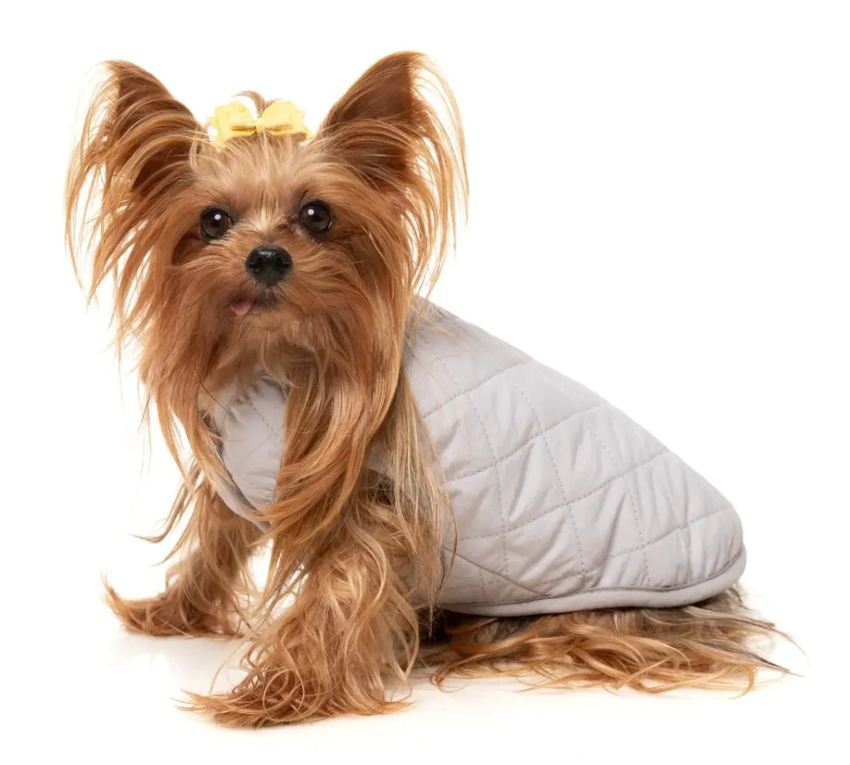 George the Yorkshire Terrier is wearing a size 2.
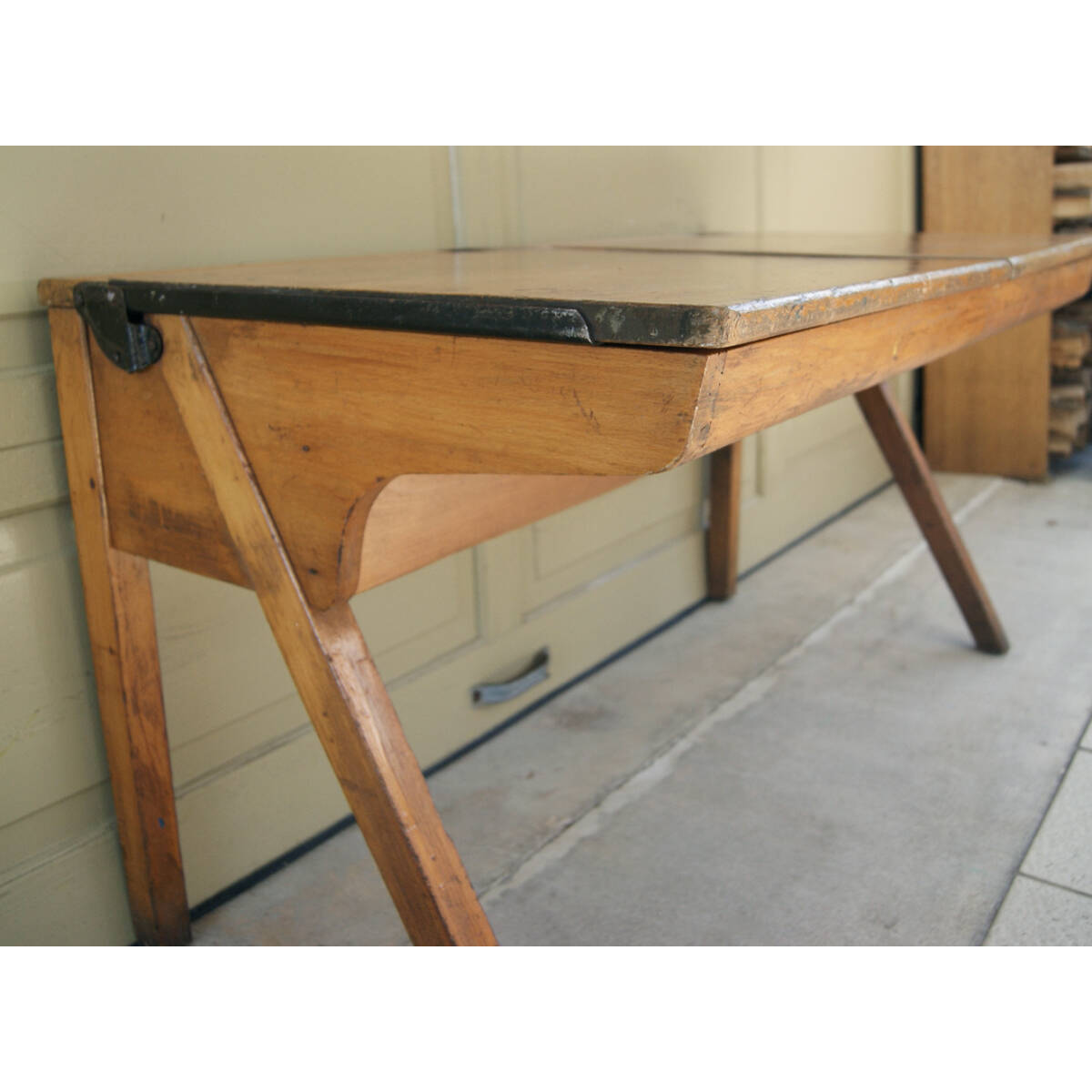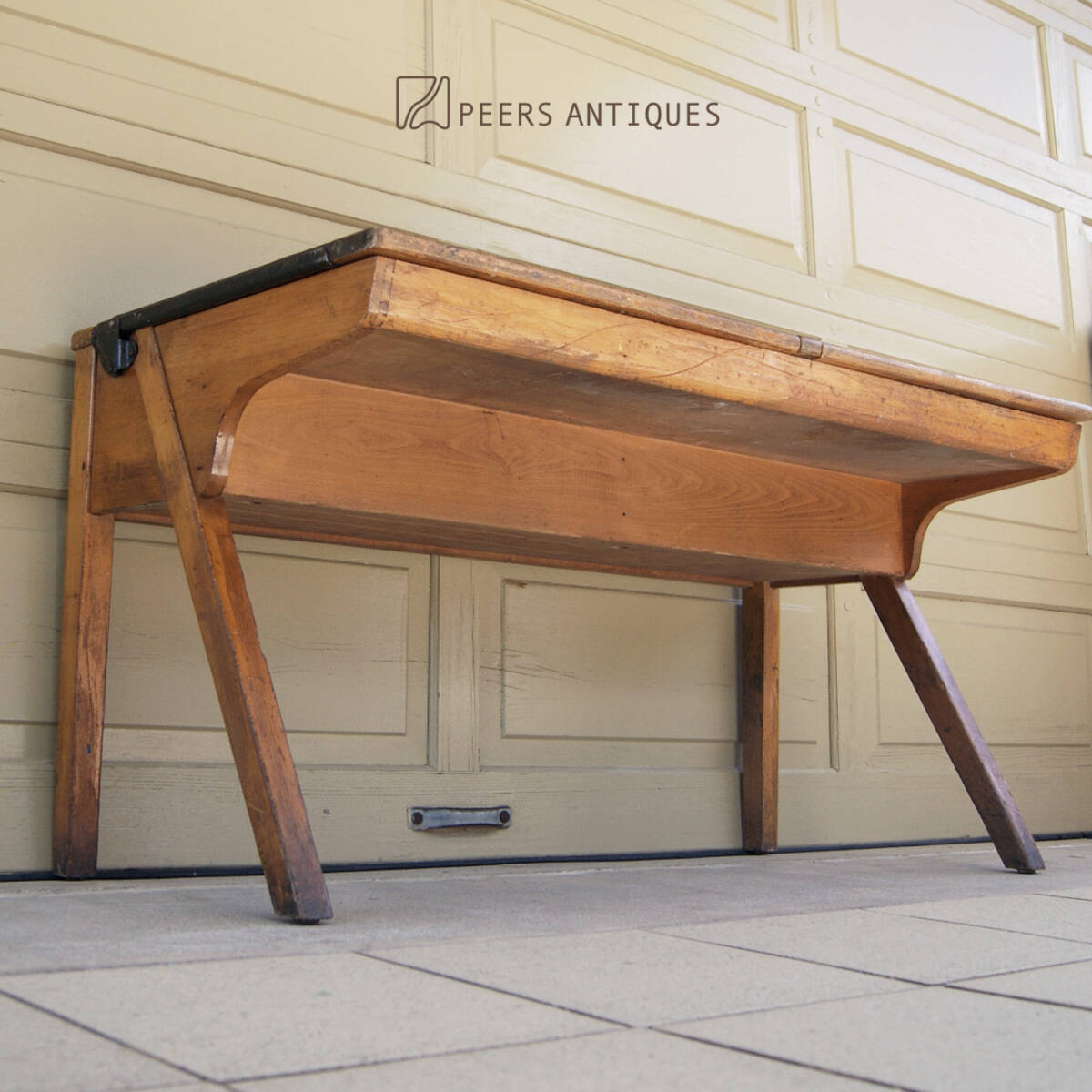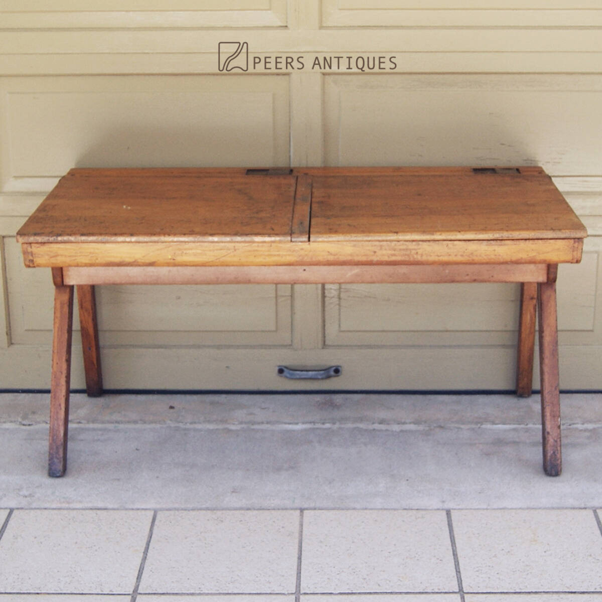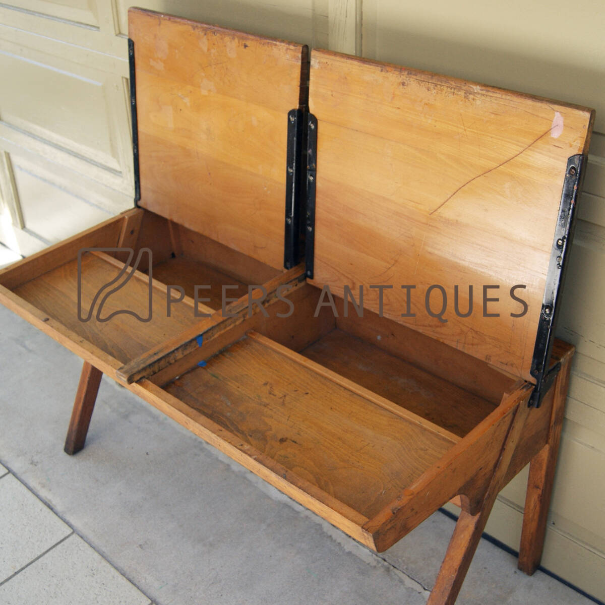 4445t18【イギリス 英国 アンティーク☆古い 木製 2人掛け スクールデスク 学校机】ローテーブル 飾台 展示台 ヴィンテージ 希少 レア◎
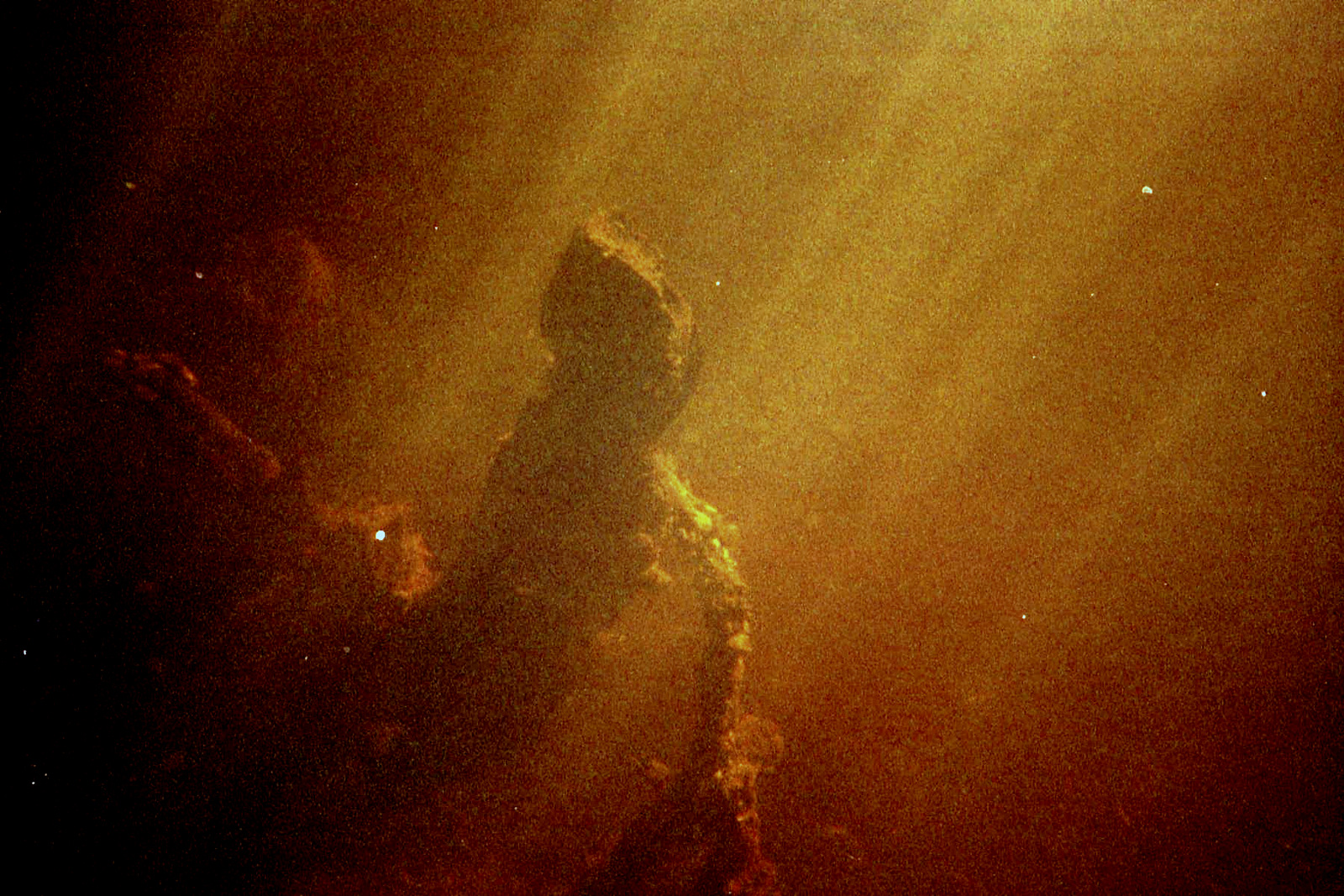 The remains of the prow. The narrower part, forward of the main prow, is metal and may have continued upward; it may have been bent over during the firewood salvage of 1959
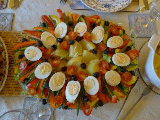 J'aime le saumon frais et fumé, mais je ne dois jamais utiliser la variété en conserve ni même me procurer un livre de recettes au saumon. Cette recette est la première des deux que j'ai trouvées à et ils ont reconnu Marilou Robinson de Portland, OR. "La liste des ingrédients a l'air longue, mais rien de tout cela ne prend beaucoup de temps à préparer et tout peut être fait à l'avance.Parce que cette salade doit être préparée à l'avance et réfrigérée, c'est un bon choix pour un souper du dimanche au soir. arrivez, réchauffez un assortiment de petits pains raffinés de votre boulangerie préférée et détendez-vous avec votre entreprise.Tout le monde sera impressionné et bien nourri.La recette peut facilement servir autant que vous le souhaitez en augmentant simplement la quantité d'ingrédients et en utilisant un plus grand . " Prendre plaisir! (Le temps a été estimé et n'inclut pas le temps nécessaire pour que les haricots, les œufs et les pommes de terre se refroidissent une fois cuits)
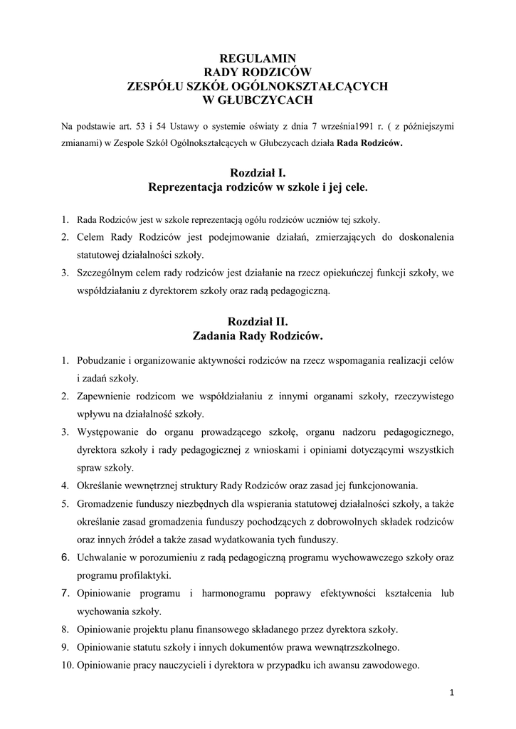 REGULAMIN RADY RODZICÓW ZESPÓŁU SZKÓŁ OGÓLNOKSZTAŁCĄCYCH W GŁUBCZYCACH Na podstawie art. 53 i 54 Ustawy o systemie oświaty z dnia 7 września1991 r. ( z późniejszymi zmianami) w Zespole Szkół Ogólnokształcących w Głubczycach działa Rada Rodziców. Rozdział I. Reprezentacja rodziców w szkole i jej cele. 1. Rada Rodziców jest w szkole reprezentacją ogółu rodziców uczniów tej szkoły. 2. Celem Rady Rodziców jest podejmowanie działań, zmierzających do doskonalenia statutowej działalności szkoły. 3. Szczególnym celem rady rodziców jest działanie na rzecz opiekuńczej funkcji szkoły, we współdziałaniu z dyrektorem szkoły oraz radą pedagogiczną. Rozdział II. Zadania Rady Rodziców. 1. Pobudzanie i organizowanie aktywności rodziców na rzecz wspomagania realizacji celów i zadań szkoły. 2. Zapewnienie rodzicom we współdziałaniu z innymi organami szkoły, rzeczywistego wpływu na działalność szkoły. 3. Występowanie do organu prowadzącego szkołę, organu nadzoru pedagogicznego, dyrektora szkoły i rady pedagogicznej z wnioskami i opiniami dotyczącymi wszystkich spraw szkoły. 4. Określanie wewnętrznej struktury Rady Rodziców oraz zasad jej funkcjonowania. 5. Gromadzenie funduszy niezbędnych dla wspierania statutowej działalności szkoły, a także określanie zasad gromadzenia funduszy pochodzących z dobrowolnych składek rodziców oraz innych źródeł a także zasad wydatkowania tych funduszy. 6. Uchwalanie w porozumieniu z radą pedagogiczną programu wychowawczego szkoły oraz programu profilaktyki. 7. Opiniowanie programu i harmonogramu poprawy efektywności kształcenia lub wychowania szkoły. 8. Opiniowanie projektu planu finansowego składanego przez dyrektora szkoły. 9. Opiniowanie statutu szkoły i innych dokumentów prawa wewnątrzszkolnego. 10. Opiniowanie pracy nauczycieli i dyrektora w przypadku ich awansu zawodowego. 1 Rozdział III. Organizacja struktury wewnętrznej Rady Rodziców. 1. Najwyższą władzą ogółu rodziców w szkole jest plenarne zebranie rodziców. 2. Podstawowym ogniwem organizacyjnym ogółu rodziców jest zebranie rodziców oddziału. 3. Zebranie rodziców oddziału wybiera spośród siebie w głosowaniu tajnym przedstawiciela do Rady Rodziców szkoły. 4. Wszyscy przedstawiciele oddziałów tworzą Radę Rodziców szkoły. 5. Plenarne zebranie Rady Rodziców szkoły wybiera spośród siebie: a) Zarząd Rady Rodziców jako wewnętrzny organ kierujący pracami Rady Rodziców oraz, b) Komisję Rewizyjną, jako organ kontrolny Zarządu Rady Rodziców. 6. Plenarne zebranie Rady Rodziców może zadecydować o dokonaniu pełnych wyborów do Zarządu Rady Rodziców i Komisji Rewizyjnej lub wyborów uzupełniających. 7. W przypadku wyborów uzupełniających, dotychczarowi członkowie Zarządu Rady Rodziców i Komisji Rewizyjnej muszą wyrazić zgodę na dalsze sprawowanie swoich funkcji. 8. Zarząd Rady Rodziców skład! się co najmniej z 5 osób, tak by można było im povierzyć funkcje: przewodniczącego, wiceprzewodniczącego, sekretarZa, skarbnika i księgowej. Zarząd Rady Rod:i#ãw dokonuje swego ukonstqtqowafia się na swoii pierwszym posiedzaniu. 9. Komisja Rewizyjna 3kłada się co fajmniej z 1 os³b. Członkowie komisji rewizyjnej wybiepѡją spośród siebie przewodniczącego na swoim pierwszym posiedzeniu. 10. Zarząd Rady Rodziców może tworzyć stałe lub doraźne komisje i zespoły spośród swoich członków, członków Rady Rodziców i spośród innych rodziców i osób współdziałających z rodzicami spoza szkoły (jako ekspertów) dla wykonania określonych zadań. 11. Plenarne zebranie Rady Rodziców bądź posiedzenie Zarządu Rady Rodziców zwołuje przewodniczący Rady Rodziców lub jego zastępca. 12. Kadencja Rady Rodziców i jej organów trwa 3 lata, począwszy od miesiąca września do dnia 30 września ostatniego roku kadencji – z uwzględnieniem punktu 13. 13. Rodzice pełnią funkcje w organach statutowych Rady Rodziców w okresie uczęszczania ich dzieci do szkoły. 2 Rozdział IV. Tryb działania Rady Rodziców i jej organów wewnętrznych. 1. Decyzje Rady Rodziców i jej organów wewnętrznych podejmowane są w formie uchwał. 2. Uchwały podejmuje się zwykłą większością głosów, przy obecności co najmniej połowy regulaminowego składu danego organu. 3. W przypadku braku quorum na plenarnym zebraniu Rady Rodziców bądź posiedzeniu Zarządu Rady Rodziców, przewodniczący Rady Rodziców lub jego zastępca zwołuje zebranie bądź posiedzenie w kolejnym terminie. Na zwołanym w tym trybie zebraniu bądź posiedzeniu, uchwały podejmowane są bez obowiązku zachowania quorum. 4. O podjęciu uchwały i jej treści zamieszcza się wzmiankę w protokole. 5. Plenarne zebrania Rady Rodziców oraz posiedzenia Zarządu Rady Rodziców są protokołowane w protokolarzu Rady Rodziców. Za protokolarz Rady Rodziców i jego prawidłowe prowadzenie odpowiada sekretarz Rady Rodziców. 6. Zarząd Rady Rodziców podejmuje decyzje w imieniu Rady Rodziców pomiędzy plenarnymi zebraniami Rady Rodziców. 7. Zarząd Rady Rodziców deleguje ze swojego grona jednego przedstawiciela do komisji konkursowej na stanowisko dyrektora szkoły. W przypadku większej liczby kandydatów na delegata, Zarząd Rady Rodziców dokonuje wyłonienia delegata poprzez wybory. Rozdział V. Wybory do Zarządu Rady Rodziców i Komisji Rewizyjnej. 1. Wybory do Zarządu Rady Rodziców i Komisji Rewizyjnej odbywają się w głosowaniu tajnym. 2. Zgłoszeni kandydaci muszą wyrazić ustnie lub pisemnie (jeśli nie mogą wziąć udziału w zebraniu wyborczym) swoją zgodę na kandydowanie. 3. Wybrani zostają ci kandydaci, którzy uzyskają zwykłą większość głosów uczestników zebrania wyborczego. 4. Porządek obrad plenarnego zebrania sprawozdawczo-wyborczego Rady Rodziców winien odbywać się w następującym porządku: 1/ wybór przewodniczącego i sekretarza zebrania a także komisji wyborcz

-.-.-

● EXERCISE BRIEF
Print, word for word, the lines above that run from the line containing "4445t18【イギリス 英国 アンティーク☆古い" to the line containing "The remains of", both included. Keep the pictures out.

● EXERCISE RESULT
 4445t18【イギリス 英国 アンティーク☆古い 木製 2人掛け スクールデスク 学校机】ローテーブル 飾台 展示台 ヴィンテージ 希少 レア◎
 The remains of the prow. The narrower part, forward of the main prow, is metal and may have continued upward; it may have been bent over during the firewood salvage of 1959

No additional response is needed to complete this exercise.